Interaction-Induced Breakdown of Anderson Localization: Thermodynamic Segregation disguised as the Skin Effect

Abstract

We investigate the interplay between strong disorder and repulsive interactions in the one-dimensional Fermi-Hubbard model under open boundary conditions. While uncorrelated disorder is widely accepted to localize all single-particle eigenstates, a phenomenon typically reinforced by interactions in the Many-Body Localization (MBL) regime, we report a counter-intuitive breakdown of this paradigm. We demonstrate that strong repulsive interactions can overcome disorder-induced localization, driving the system into a macroscopically segregated phase where spin species accumulate at opposite boundaries. Although this boundary accumulation phenomenologically mimics the Non-Hermitian Skin Effect (NHSE) observed in non-reciprocal systems, our comprehensive analysis reveals a fundamentally different origin.
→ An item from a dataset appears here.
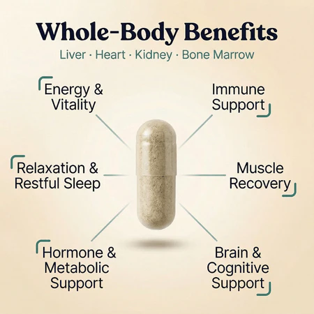 Grass-fed beef liver, heart, kidney, and bone marrow deliver whole food ancestral nutrition CoQ10 from beef heart and retinol from liver support cellular energy and immune function Magnesium Glycinate and Zinc Picolinate support sleep quality, hormone balance, and recovery Piperine enhances bioavailability of all active nutrients throughout the complete formula A highly sought-after ancestral nutrition supplement loved by our customers worldwide

By performing a rigorous control experiment in the Hermitian limit, we prove that the segregation persists without non-reciprocity, identifying many-body energy minimization as the primary driver. This "interaction-induced segregation" manifests as a sharp thermodynamic crossover, characterized by a divergent energy susceptibility, challenging the conventional understanding of disorder-interaction competition in open quantum systems.